To insure this, I grabbed a screw the same size as the holes I would be drilling. It would fit, sloppily, through the jig hole, but snugly into any hole I drilled. To get it to also fit the jig holes, I just wrapped some duct tape around it, until it fit well. When done, I had an indexing pin.

After positioning the jig and drilling my first hole, I inserted the "indexing pin" (which looks, suspiciously like that screw with duct tape on it) into that hole, then drilled the remaining holes in that run.

Of course, I just repeated the process for each corner and, if needed, center back supports.

Once done drilling all the holes, I chased them with a bit the same size as the pins I would be using.

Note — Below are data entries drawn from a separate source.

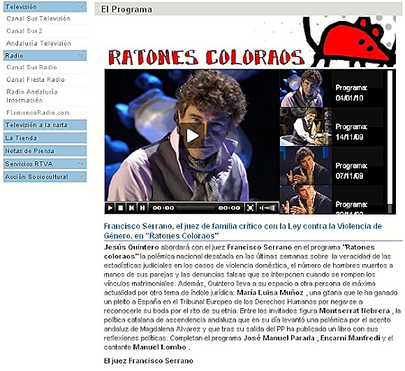 El programa de Canal Sur, Ratones Coloraos, dirigido por Jesús Quintero había anunciado la entrevista al juez Serrano, crítico con la parcialidad de la ley de violencia de genero y acosado por los colectivos feministas por atreverse a decir que existen denuncias falsas de agresiones aprovechando esta normativa.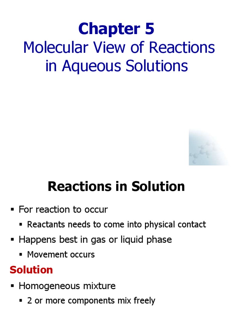 Molecular View Of Reactions In Aqueous Solutions Solution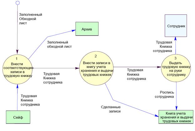 На данной схеме в качестве хранилища данных выступают сейф, в котором хранятся трудовые книжки и архив, в который помещается заполненный обходной лист. В качестве внешней сущности выступает сотрудник, который увольняется и который получает выход рассматриваемого бизнес-процесса - трудовую книжку.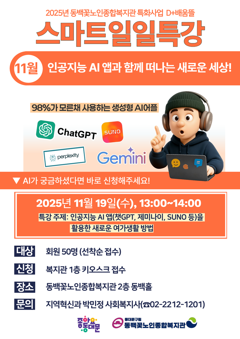 [모집] 11월 스마트 일일특강(생성형AI 어플기반 여가활동) 참여자 모집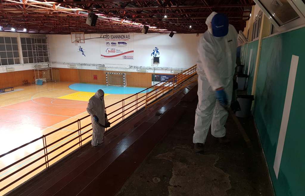 Πιο συγκεκριμένα το βράδυ της Τρίτης πραγματοποιήθηκε απολύμανση-ψεκασμός στους χώρους του κλειστού γυμναστηρίου της Λιμνοπούλας, ενώ σήμερα το πρωί ακολούθησαν οι χώροι του Σταδίου των «Ζωσιμάδων».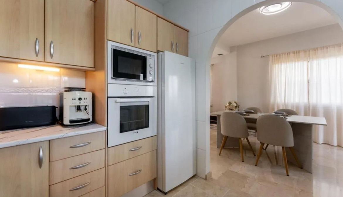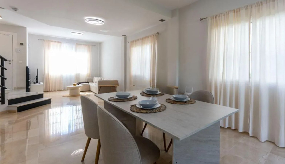 The house is distributed over three levels and offers 148 m² built (111 m² usable), combining comfortable interior living with excellent outdoor areas. The main floor features a welcoming living room with direct access to the garden and communal swimming pool, creating the perfect setting to enjoy the Mediterranean climate all year round, as well as a kitchen and a bathroom. The first floor comprises three bedrooms and two bathrooms, providing practical and comfortable accommodation for family living. The top floor boasts an impressive 45 m² private solarium with open and sea views, ideal for creating a chill-out area, outdoor dining space, or relaxation zone.

Because the self-centering bit drill fairly large holes, chasing the bits, to enlarge them, was simple. It required no real pressure, so there was little, if any danger of pushing through the cabinet side (generally, the bit pulls itself in and stops at the bottom).


----------



## AlaskaGuy (Jan 29, 2012)

After 40 some years of woodworking and trying many different shelf pin jig I use a home made jig very similar to the one in this video. It works very well and makes the cleanest chip free holes of any jig I have ever use.

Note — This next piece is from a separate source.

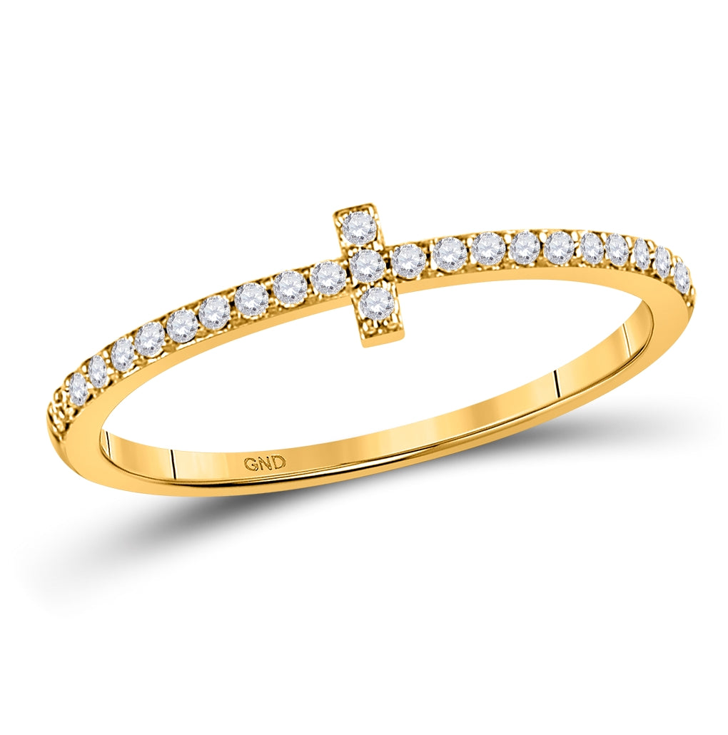 10K Yellow Or White Or Rose Gold Womens Round Diamond Cross Stackable Band Ring , Womens Size: 5-10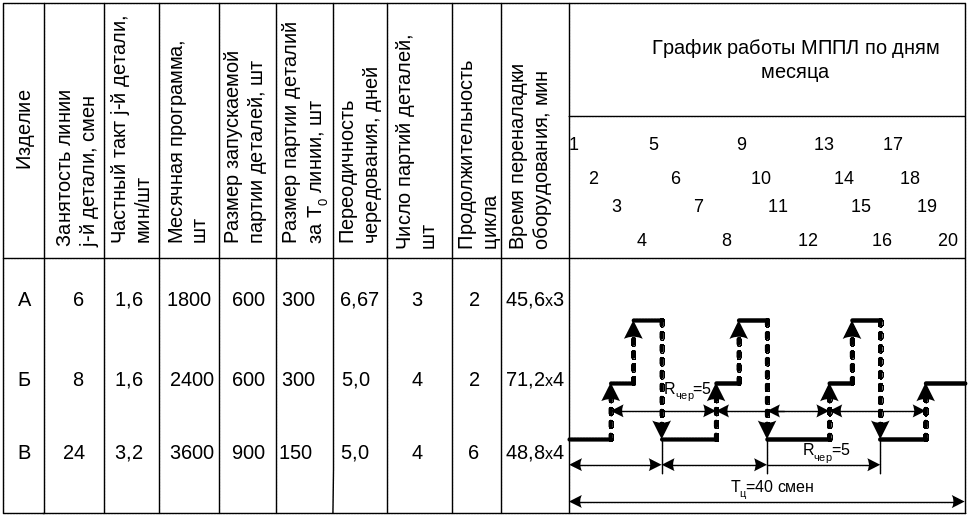 После определения календарно-плановых нормативов первой и второй групп составляются стандарт-план МППЛ с последовательно-партионным чередованием изделий -го наименования и стандарт-планы по изготовлению каждого изделия, когда МППЛ работает как ОППЛ, а также строятся эпюры движения оборотных заделов по каждому изделию, рассчитываются средняя величина оборотных заделов, незавершенное производство и продолжительность производственного цикла обработки партии деталей за период оборота линии.

I also prefer to do all the work I can before the cabinet is assembled. I also drill for hinges and sometime drawer slides also. Easier to work on when flat. No flipping assembled cabinet around to work on them.


----------



## Ghidrah (Jan 20, 2015)

I made 4 pairs of shelf jigs over the last 20 yrs out of 1/4" luan and have been using the last pair since 09. The 1st couple pairs wore out fast because I was using them "A LOT" and more importantly treating them like rented red headed step mules.


----------



## Redoak49 (Dec 15, 2012)

I used the "WWA Shelf Pin Jig" which uses a plunge router and guide. I have used it to build many Euro style cabinets with thousands of holes.

I used a 5 mm bit and could accurately make 20 holes a minute. The router bit l eaves a cleaner hole than a drill bit.


----------



## kelvancra (May 4, 2010)

The router type shelf pin hole jigs seem unsurpassed for quality of hole (splintering/chipping). This is due to the high speed [and using a sharp bit]. A dull bit can tear or chip a hole too.

If you don't have a router, your router doesn't plunge, you don't have the right template guide, or have to add holes to an existing cabinet, the drill jig may be the best bet. Even then, an angle drill may be required for tight spaces.

The centering bit can be faster, but the little speed gain isn't usually an issue, if the project will be used for decades. Worrying over a minute or two would seem penny wise and pound foolish.

If you go the drill route, remember, the bit in the self-centering bit sets can be replaced. You may be able to replace the stock bit with a brad point for clean cuts. However, you may need to shorten it so it cuts to the same depth as the original bit [and doesn't blow out the other side of your cabinet].

Usually, using sharp metal bits at high speed will give pretty good results. As such, rather than using a cordless drill, like in the pictures, switching to a corded drill can give better results, since they usually run at higher speeds.

The higher speed of corded drills is the reason Kregg recommends using them, instead of cordless, for drilling pocket holes. You get cleaner cuts and the bits stay sharp longer. The same applies in other wood drilling operations.


----------